I talked to Nicky by theway. Today. Thats what I meant. Can't delete beccause I don't know how many letters there are. Also, I've decided that I am only going to fix spelling errors if it is illegibe unless they are fixed, just cause I think it will give a better representation of what I was doing/thinking/feeling at the time I wrote this. But where was I .... Oh yah! Nicky. Yah he seems fine. I misss him. That sounds a but weak, but its not like I miss the physical presence of Nicky. Well I do, but not like that. And by that I mean like the weird way. No i just miss his crazy antics and his strange sense of justice and how he refuses to do things that are wrong and just his general nievity and such. Oh Nicky. And speaking of Nicky reminds me of Stevie, who I saw a week ago. That was fun. We just met up in Chicago. Got come of the best popcorn ever, cheese popcorn mixed with caramel popcorn, oh my god its sooooo good. Then we just walked around, talked, made fun of stuff, god some arizona iced tea from this walgreens somewhere... got lost, got a cab to the train station, and then went back home. It was fun. Also my parents don't know who stephen herring is, but they know who da big dawggy from xbox live is. I don't know if thats funny or sad. Probably a bit of both.

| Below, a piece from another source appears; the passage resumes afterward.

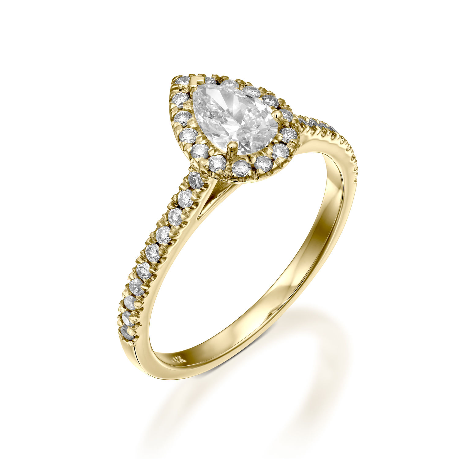 1 Carat Genuine Pear Shape Cut Diamond Engagement Ring H/SI2 14K Yellow Gold

I can't wait until I get a job. I was thinking about applying at the gamestop downtown, which is like 20 minutes away. That would be an awesome job. Working around video games cannot really be a bad thing. Plus there ius so much usless shit that I really want to buy, but its expensive to the point where i need a proper job. And by proper I mean minimum wage. There is this kick ass pen that you can like record shit with and it does all this cool stuff that will sound really stupid and  lame if I try to describe it, so I'm not goin to.

My brother is turning into one of those people who doesn't like the word gay used in the way where it replaces stupid. Not I say that like its a bad thing, I don;t mean it that way. I have nothing wrong with gays, I thing that they should be allowed to marry and anyone who thinks that gays are "wrong" in any way are idiots. All of you can go die in a whole somewhere for all I'm concerened. I thin that because of my brother not liking it, I'll stp doing it. And i do do it. What the hell do you expect from someone who games online, slurs are just about the only thing you hear up there.

Okay well I think I'm out of things to write about. If you actually read all that, congratz. It took me maybe an hour, and hour and a half to write. I congratulate you. But yah. Have a nice year guys. I'll try and write some more, not like anyone is reading this. All the best.